Таков был господин Форбен, когда принцесса Боргезе привезла его ко мне и велела ввести в мою комнату, между тем как я была еще в постели. Но ей хотелось показать мне своего камергера, как будто она еще не привыкла видеть вокруг себя прекрасную толпу, всегда готовую к ее услугам.
Мы приблизились к эпохе чрезвычайно замечательной не только в жизни императора, но и в политической жизни Франции. В 1807 и 1808 годах фортуна оказала ему последнюю благосклонность — преданность женщины, которая умела страстно любить. И еще после он будет победителем: гром его будет греметь над главами сильных мира сего; он оденет в траур многие иностранные семейства и кинет нам несколько лавровых листков в награду за наши потери. Но эти потери будут неисчислимы, а лавры больше запятнаны нашей кровью. Какова же первопричина этого изменения в судьбе его и славе? Почему победа, всегда свершавшаяся по его приказанию, не шла к нему с прежней готовностью? Победа тоже женщина; она утомилась этой беспрерывной бродячей жизнью; кроме того, она прихотлива — она хотела покровительствовать и нашим врагам.
Несчастья императора начались с 1807 года в Испании. Долго приготовлялось первое звено этой цепи, но ясно, особенно мне, что Испания сама шла навстречу желаниям Наполеона. Я совсем не думаю извинять его; я рассказываю о событиях, как они происходили, потому что знаю большую часть их, довольно мало известных. Я должна рассказать о них, это мой долг.

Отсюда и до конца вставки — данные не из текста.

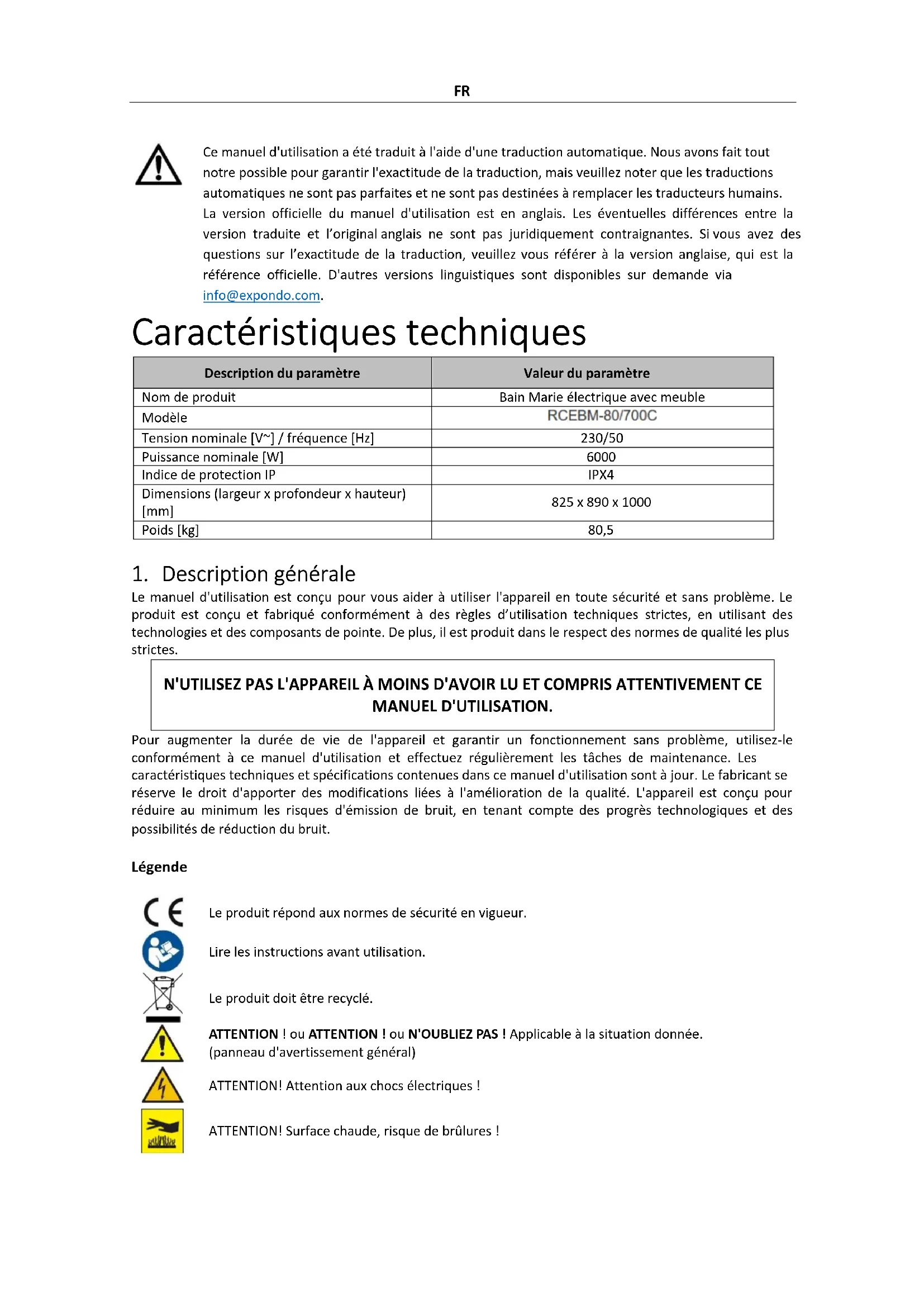 Ce manuel d'utilisation a été traduit à l'aide d'une traduction automatique. Nous avons fait tout notre possible pour garantir l'exactitude de la traduction, mais veuillez noter que les traductions automatiques ne sont pas parfaites et ne sont pas destinées à remplacer les traducteurs humains. La version officielle du manuel d'utilisation est en anglais. Les éventuelles différences entre la version traduite et l’original anglais ne sont pas juridiquement contraignantes. Si vous avez des questions sur l’exactitude de la traduction, veuillez vous référer à la version anglaise, qui est la référence officielle. D'autres versions linguistiques sont disponibles sur demande via info@expondo.com. Caractéristiques techniques Description du paramètre Valeur du paramètre Nom de produit Bain Marie électrique avec meuble Modèle

Однажды вечером приехал ко мне архиканцлер. Он казался озабоченным и, сев в одно из моих длинных кресел, которых я уже не оставляла, потому что беременность была очень тягостна, сказал:
— Я привез вам странную новость. Император восстанавливает не только старинное дворянство, но и титулы. И кто первый в армии украшен им? Угадайте.
— Маршал Ланн?
— Это было бы совсем просто.
— Маршал Массена?
Архиканцлер улыбнулся и покачал головой.
— Ну, так, право, я не могу угадать… Кто же это?
— Лефевр. Я сейчас видел его жену.
— Но, послушайте, мне кажется, это еще не так дурно. Я знаю, жена маршала не может соревноваться достоинством с герцогиней или княгиней; однако она добрая женщина, и, кроме того, вы знаете, император почитает нас никем в своих расчетах. Следовательно, его выбор не был трудным. А Лефевр человек уважаемый. Я уверена, что император очень обдумал этот выбор.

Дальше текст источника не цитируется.